Work task
Using the data below, reproduce exactly the lines from the line with "The wider availability" to the line with "Салат собирается в", both included; pictures must be dropped.

Provided data
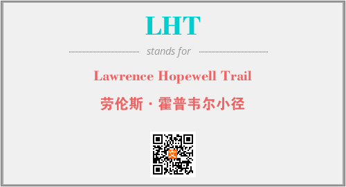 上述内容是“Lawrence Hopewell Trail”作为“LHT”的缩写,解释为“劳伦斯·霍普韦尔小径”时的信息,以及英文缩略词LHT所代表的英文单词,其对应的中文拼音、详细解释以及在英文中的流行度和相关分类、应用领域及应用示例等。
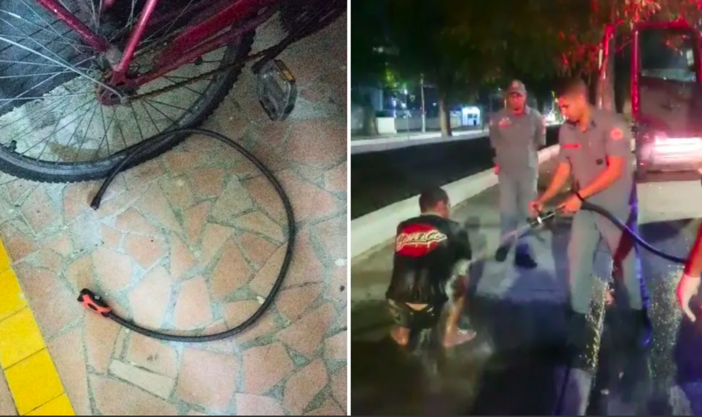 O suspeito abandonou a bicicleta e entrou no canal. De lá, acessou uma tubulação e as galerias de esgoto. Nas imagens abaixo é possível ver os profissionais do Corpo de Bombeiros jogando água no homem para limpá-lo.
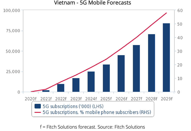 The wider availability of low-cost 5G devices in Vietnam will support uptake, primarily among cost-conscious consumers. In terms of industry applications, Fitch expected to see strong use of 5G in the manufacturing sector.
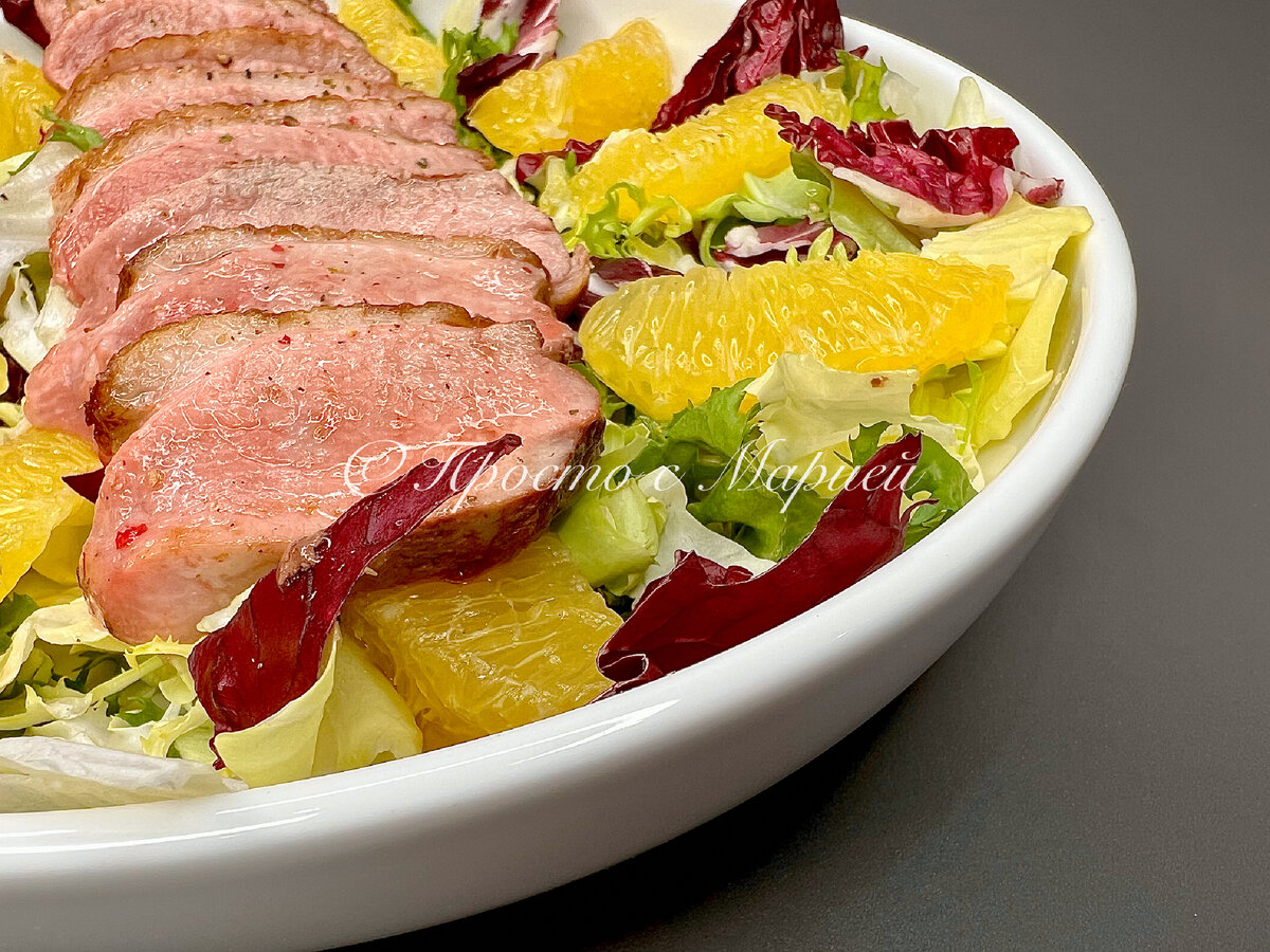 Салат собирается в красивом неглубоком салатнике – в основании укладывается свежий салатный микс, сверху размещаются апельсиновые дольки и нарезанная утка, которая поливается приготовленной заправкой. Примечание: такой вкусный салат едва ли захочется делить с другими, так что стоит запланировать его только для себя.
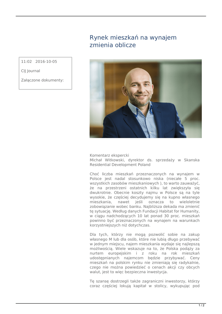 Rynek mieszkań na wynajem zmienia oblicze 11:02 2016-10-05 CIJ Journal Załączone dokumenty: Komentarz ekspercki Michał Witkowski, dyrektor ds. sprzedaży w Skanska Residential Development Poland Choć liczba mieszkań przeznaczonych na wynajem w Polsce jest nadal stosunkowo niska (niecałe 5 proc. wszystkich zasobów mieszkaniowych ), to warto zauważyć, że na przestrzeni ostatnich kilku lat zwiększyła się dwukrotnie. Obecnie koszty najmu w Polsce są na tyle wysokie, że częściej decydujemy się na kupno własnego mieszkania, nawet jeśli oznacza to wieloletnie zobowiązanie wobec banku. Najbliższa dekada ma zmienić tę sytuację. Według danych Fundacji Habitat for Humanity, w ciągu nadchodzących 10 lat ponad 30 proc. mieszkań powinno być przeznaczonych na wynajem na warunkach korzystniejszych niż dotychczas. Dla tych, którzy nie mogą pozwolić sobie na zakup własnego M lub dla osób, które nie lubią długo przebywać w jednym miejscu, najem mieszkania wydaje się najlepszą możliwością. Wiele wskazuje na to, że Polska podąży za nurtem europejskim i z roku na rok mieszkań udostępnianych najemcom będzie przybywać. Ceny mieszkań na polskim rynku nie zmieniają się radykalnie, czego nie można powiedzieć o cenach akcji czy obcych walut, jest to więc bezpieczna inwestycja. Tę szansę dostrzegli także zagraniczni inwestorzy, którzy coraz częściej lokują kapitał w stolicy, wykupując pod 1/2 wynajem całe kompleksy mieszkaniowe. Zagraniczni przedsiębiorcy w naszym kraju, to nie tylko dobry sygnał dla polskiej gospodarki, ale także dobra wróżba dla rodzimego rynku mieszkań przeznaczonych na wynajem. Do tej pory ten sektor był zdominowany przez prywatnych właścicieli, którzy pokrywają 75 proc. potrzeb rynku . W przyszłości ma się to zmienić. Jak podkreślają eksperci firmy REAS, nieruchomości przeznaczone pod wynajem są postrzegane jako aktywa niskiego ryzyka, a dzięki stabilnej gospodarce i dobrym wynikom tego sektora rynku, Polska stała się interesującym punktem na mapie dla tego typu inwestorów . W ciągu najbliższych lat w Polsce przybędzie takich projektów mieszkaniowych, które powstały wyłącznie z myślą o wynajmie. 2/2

...

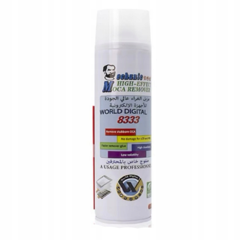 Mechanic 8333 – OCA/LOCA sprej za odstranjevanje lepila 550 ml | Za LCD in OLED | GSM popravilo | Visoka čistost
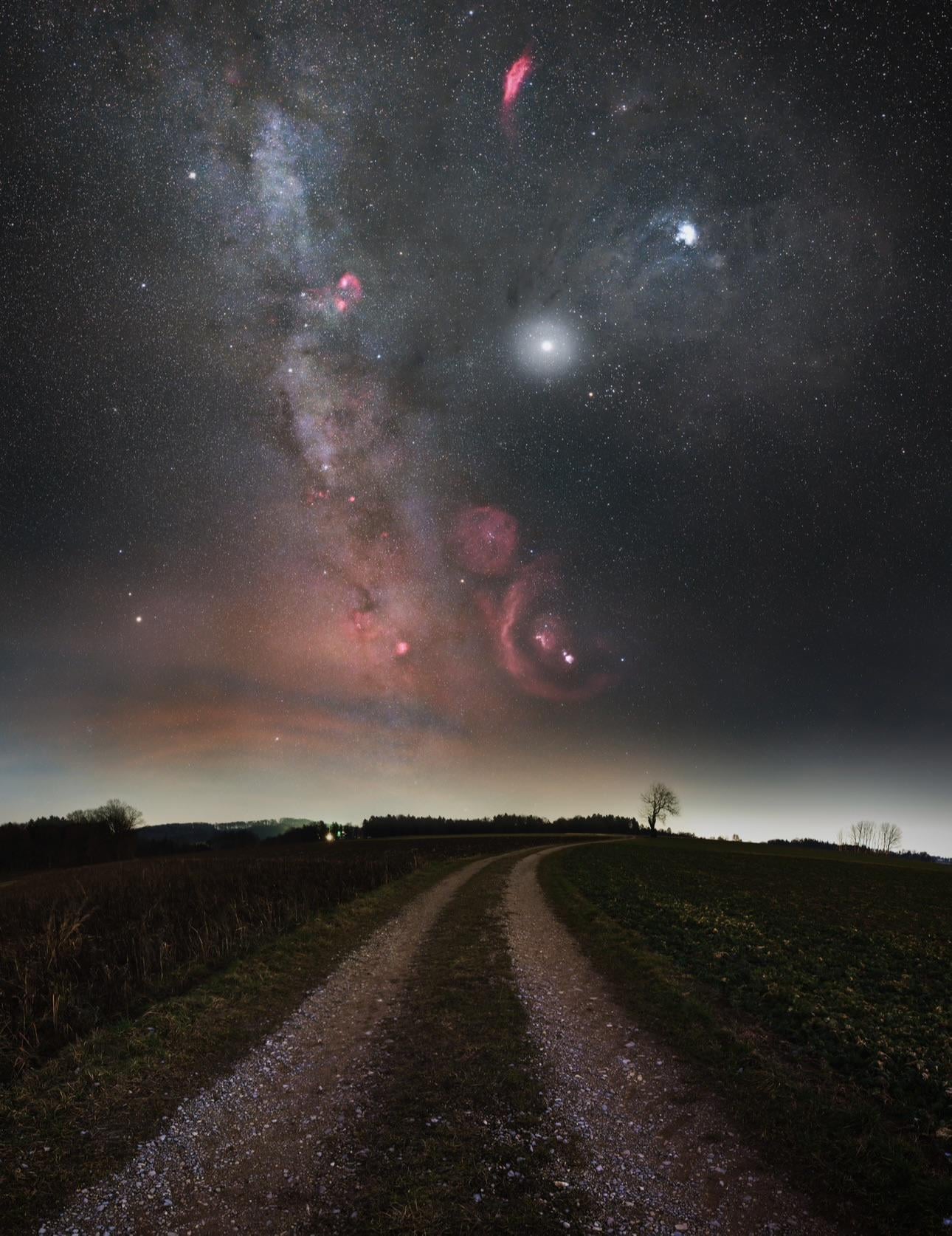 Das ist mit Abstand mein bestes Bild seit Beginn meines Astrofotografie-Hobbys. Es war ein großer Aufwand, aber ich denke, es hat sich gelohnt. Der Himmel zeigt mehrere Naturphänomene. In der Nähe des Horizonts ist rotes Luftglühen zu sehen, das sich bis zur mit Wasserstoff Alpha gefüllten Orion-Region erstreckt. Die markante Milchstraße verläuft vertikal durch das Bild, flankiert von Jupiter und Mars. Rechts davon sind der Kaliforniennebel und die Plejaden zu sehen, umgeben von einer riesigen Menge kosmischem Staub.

...

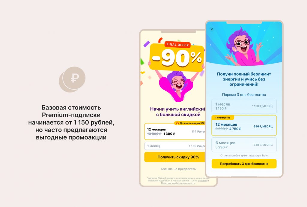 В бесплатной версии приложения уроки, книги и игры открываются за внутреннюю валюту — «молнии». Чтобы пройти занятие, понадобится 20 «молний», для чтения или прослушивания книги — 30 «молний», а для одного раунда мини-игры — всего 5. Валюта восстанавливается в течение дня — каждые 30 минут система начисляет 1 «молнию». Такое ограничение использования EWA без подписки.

Problem solution
 The wider availability of low-cost 5G devices in Vietnam will support uptake, primarily among cost-conscious consumers. In terms of industry applications, Fitch expected to see strong use of 5G in the manufacturing sector.
 Салат собирается в красивом неглубоком салатнике – в основании укладывается свежий салатный микс, сверху размещаются апельсиновые дольки и нарезанная утка, которая поливается приготовленной заправкой. Примечание: такой вкусный салат едва ли захочется делить с другими, так что стоит запланировать его только для себя.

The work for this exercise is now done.